Gold outlook remains bullish with more room for fresh long positions now – ANZ
With gold now angling for a renewed push above $5,200, ANZ continues to argue for a more bullish rhetoric for the precious metal amid recent developments. Most of the overarching themes underpinning gold have been the same since last year, but ANZ is adding one more to the list. That being a “less crowded” investor positioning after the late January profit-taking round.The firm notes that:”Underlying fundamentals remain intact, as accommodative monetary policy has room to extend through to Q4 2026. We now expect the Fed to resume cuts in Q2 – likely June – and to add another cut in Q4, bringing the terminal rate down to 3% from the current 3.75%. This trajectory will support non-yielding gold.Renewed geopolitical tensions between the US and Iran are set to revive haven demand for gold. And ongoing Russia-Ukraine talks suggest persistent volatility in the geopolitical backdrop. Economic risks linger, with markets yet to see the effects of increased US tariffs; and financial risks are mounting amid concerns around the AI-driven equity rally..Amid these uncertainties, we believe gold remains a compelling hedge against market risks.
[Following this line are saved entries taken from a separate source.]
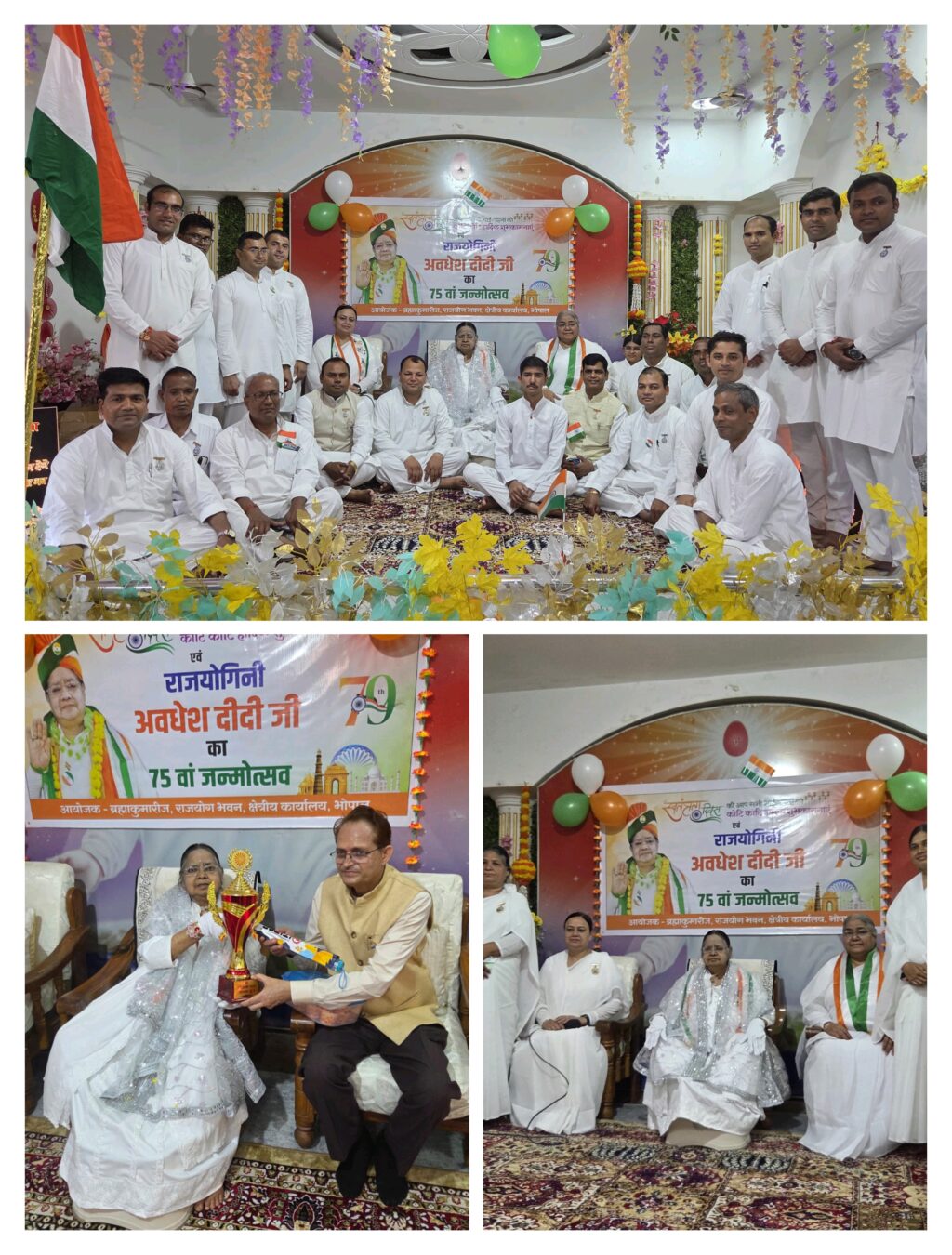 ब्रह्माकुमारीज आश्रम के भोपाल स्थित राजयोग भवन में 15 अगस्त को स्वतंत्रता दिवस, श्रीकृष्ण जन्माष्टमी तथा बड़ी बहन अवधेश दीदी जी (प्रशासक वर्ग की नेशनल कोर्डिनेटर) भोपाल जोन की संचालिका का जन्मदिवस अति हर्षोल्लाश और धूमधाम से मनाया गया। इस कार्यक्रम में विधानसभा के प्रमुख सचिव अवधेश प्रताप सिंह ने कहा हमें दीदी की दी हुई शिक्षा को जीवन में आत्मसात करना चाहिए। त्याग तपस्या, ज्ञान रत्नों की धनी परम आदरणीय दीदी को जन्मदिन की बधाई तथा शुभकामनाएं दी। छतरपुर से समाज सेवी विभाग की भोपाल जोन कोर्डिनेटर शैलजा बहन जी ने कहा- बड़ी बहन जी ने हर क्षेत्र में नम्बर वन बनी, चाहे वी आई पी सेवा में ,चाहे जोन लेवल की सेवा में बड़े बड़े कार्य उन्होंने कर दिखाये है। हमें भी हिम्मत करके बड़े से बड़ी सेवा का संकल्प करना चाहिए, दूरदर्शी बुध्दि रखना चाहिए । मीडिया विंग की प्रमुख डाक्टर रीना दीदी ने मंच संचालन किया। अवधेश बहनजी ने आशीर्वचन में कहा श्रीकृष्ण की विशेषता बहुत सारी है, लेकिन उसमें से एक विशेषता है खिलाने की, जब मट्की फोड़ी तो सबको मक्खन खिलाया अकेला नहीं खाया, सबको लेकर चलना चाहिए ये श्री कृष्ण ने सिखाया, उनमें अपना बनाने की कला और दूसरों की विशेषता देखने की परख थी। हमें भी कभी किसी की कमजोरी नहीं देखनी है बल्कि उसकी विशेषता को देखना चाहिए। अंत में उन्होंने कहा सभी सदा स्वस्थ रहें, सम्पन्न रहे, निर्विघ्न रहे।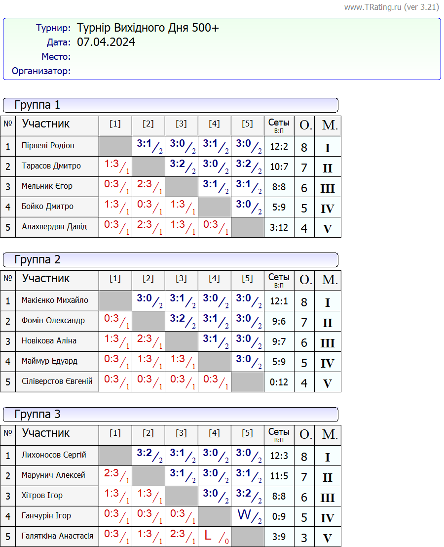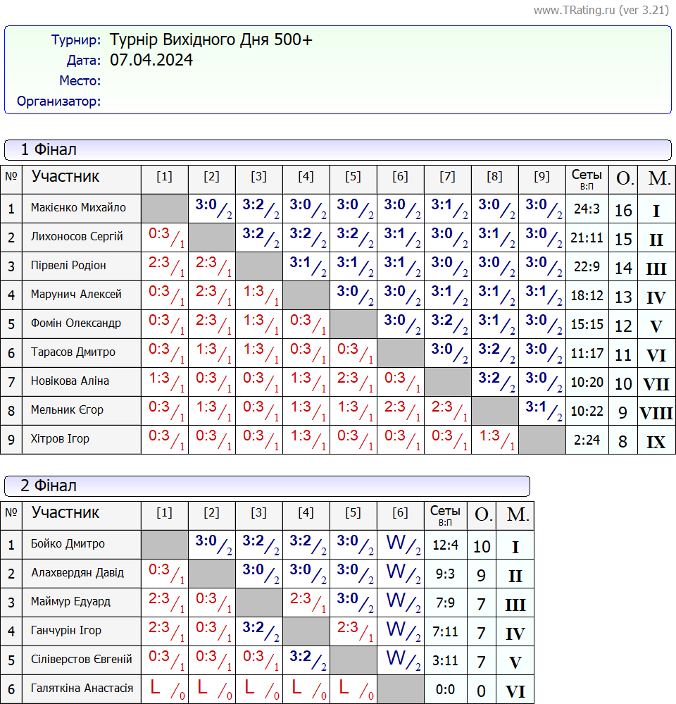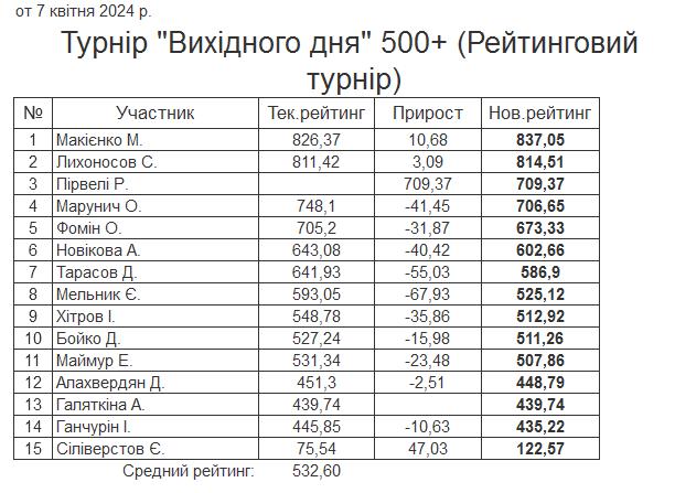 Результати турніру “Вихідного дня 500+ (Рейтинговий турнір)” за 07.04.2024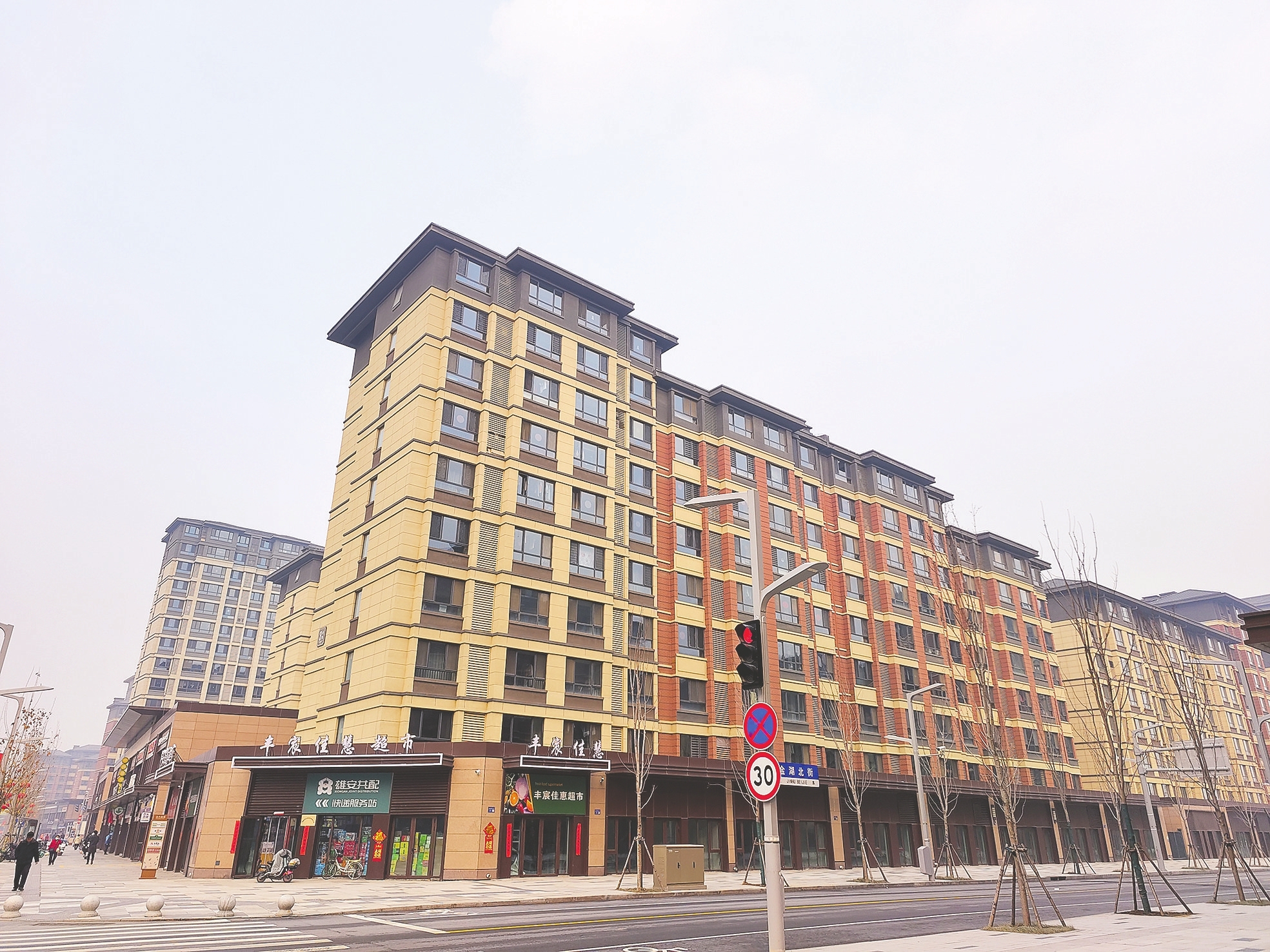 穿行在这片回迁安置房中,可以发现,商业配套已经基本齐全,几步一个生活商超,各式餐厅也很多,外卖小哥们在忙碌地穿梭,路两旁停靠着共享单车,年轻人喜欢的奶茶店也没有缺席。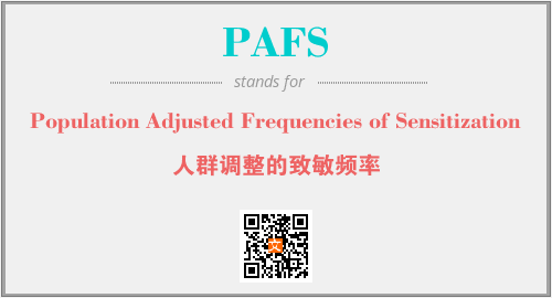 上述内容是“Population Adjusted Frequencies of Sensitization”作为“PAFS”的缩写,解释为“人群调整的致敏频率”时的信息,以及英文缩略词PAFS所代表的英文单词,其对应的中文拼音、详细解释以及在英文中的流行度和相关分类、应用领域及应用示例等。

Investor positioning is less crowded after the latest profit taking, leaving ample room for investors to build fresh long positions.” This article was written by Justin Low at investinglive.com. 🔗 Source 💡 DMK Insight Gold’s potential push above $5,200 could signal a significant shift in market sentiment. With ANZ’s bullish stance, traders need to consider the implications of ongoing economic uncertainties, particularly inflation and geopolitical tensions, which have historically driven gold prices higher. If gold breaks this key level, it could trigger a wave of buying, especially among institutional investors looking for safe-haven assets. Watch for resistance around $5,200; a sustained move above could lead to further upside, possibly testing previous highs. On the flip side, if gold fails to maintain this momentum, it might lead to a quick sell-off, especially if broader market conditions shift towards risk-on sentiment. Keep an eye on related assets like silver and mining stocks, as they often follow gold’s lead. Monitoring the daily chart for volume spikes around this level will be crucial to gauge trader sentiment and potential breakout strength. 📮 Takeaway Watch for gold’s movement above $5,200; a breakout could lead to significant buying pressure, while failure to hold may trigger a sell-off.